Extracted data entries:
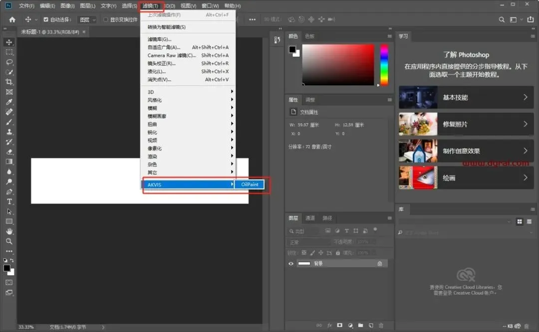 打开PS软件,新建文档,点击滤镜-AKVIS-OilPaint
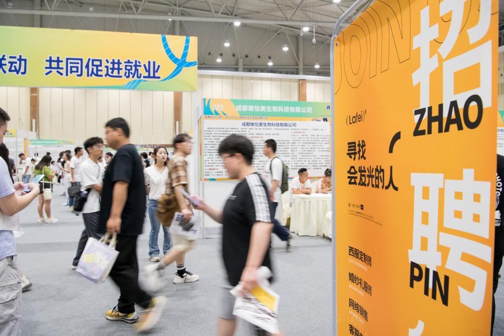 2023年7月2日,成都市2023年“百日萬(wàn)企高校畢業(yè)生系列招聘活動(dòng)”在成都世紀城新國際會(huì )展中心1號館啟動(dòng)。新華社記者 唐文豪 攝
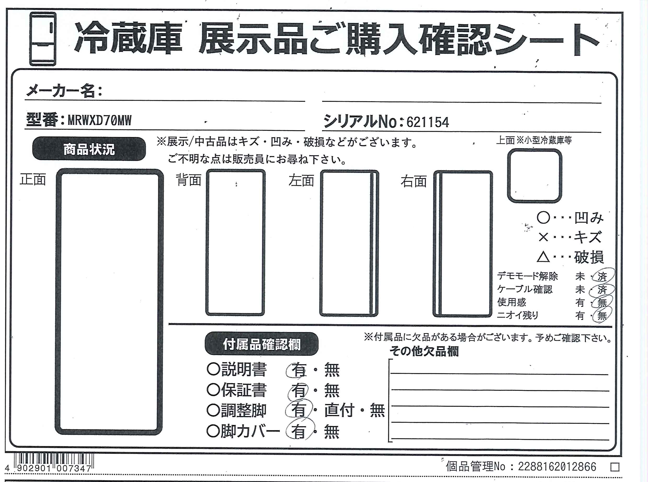 中古商品ランクについて 付属品・商品状態について 〔付属品〕説明書、ガラスシェルフ(上)、ガラスシェルフ(中)、ガラスシェルフ(下)、仕切り、ガラスシェルフ(前)、ガラスシェルフ(奥)、ワイドチルドケースフタ、ワイドチルドケース、氷点下ストッカーケース、給水タンク(カルキクリーンフィルターつき)、チェンジポケット(大)×2、チェンジポケット(小)×2、フリータマゴケース、タマゴトレイ、ボトルポケット(大)、ボトルポケット(小)、フリーケース(小)、ストッパー、製氷皿、貯氷箱、防音マット、アイスサーバー、瞬冷凍室ケース、アルミトレイ、フリージングケース(上)、フリージングケース(下)、野菜ケース、スライドケース、野菜ケース仕切り、脚カバー、調整脚用工具セット、調整脚×2
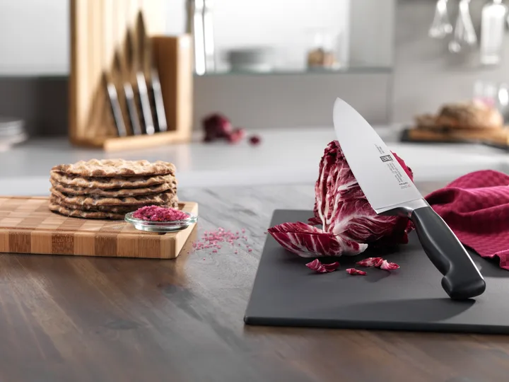 Zwilling Four star Kochmesser 20 cm ist ein unverzichtbarer Küchenpartner. Die lange FRIODUR®-Klinge, gefertigt aus rostfreiem Spezialstahl durch Eishärtung, bietet unvergleichliche Schärfe und Flexibilität. Mit einem ergonomischen, rutschfesten Griff und SIGMAFORGE®-Konstruktion sorgt es für perfekte Balance und Sicherheit. Ideal zum Hacken von Kräutern oder zum Schneiden von Fleisch und Fisch. DISHWASHER-friendly, auch wenn Handwäsche empfohlen wird, um den ausgezeichneten Zustand zu erhalten. Das Produkt wird von ZWILLINGs lebenslanger Garantie unterstützt, was es zu einer nachhaltigen Investition für ernsthafte Köche macht.
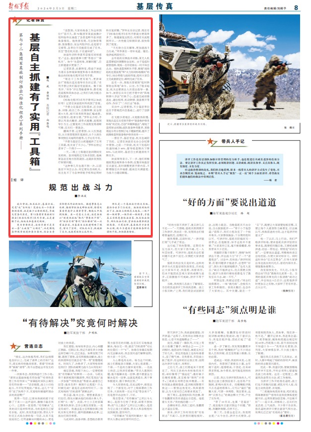 “现在干工作更有底气、更讲章法!”某炮兵连吴指导员告诉记者,“系列手册让我们基层受益匪浅。像干部考评、‘双争’评比等敏感事务,都有规范流程和具体办法,让我们与机关配合更加紧密。”

## PROMPT
Reproduce exactly and only the lines from the "Zwilling Four star" line to the last line of the records above. Do not carry over any pictures.

## EXERCISE OUTPUT
 Zwilling Four star Kochmesser 20 cm ist ein unverzichtbarer Küchenpartner. Die lange FRIODUR®-Klinge, gefertigt aus rostfreiem Spezialstahl durch Eishärtung, bietet unvergleichliche Schärfe und Flexibilität. Mit einem ergonomischen, rutschfesten Griff und SIGMAFORGE®-Konstruktion sorgt es für perfekte Balance und Sicherheit. Ideal zum Hacken von Kräutern oder zum Schneiden von Fleisch und Fisch. DISHWASHER-friendly, auch wenn Handwäsche empfohlen wird, um den ausgezeichneten Zustand zu erhalten. Das Produkt wird von ZWILLINGs lebenslanger Garantie unterstützt, was es zu einer nachhaltigen Investition für ernsthafte Köche macht.
 “现在干工作更有底气、更讲章法!”某炮兵连吴指导员告诉记者,“系列手册让我们基层受益匪浅。像干部考评、‘双争’评比等敏感事务,都有规范流程和具体办法,让我们与机关配合更加紧密。”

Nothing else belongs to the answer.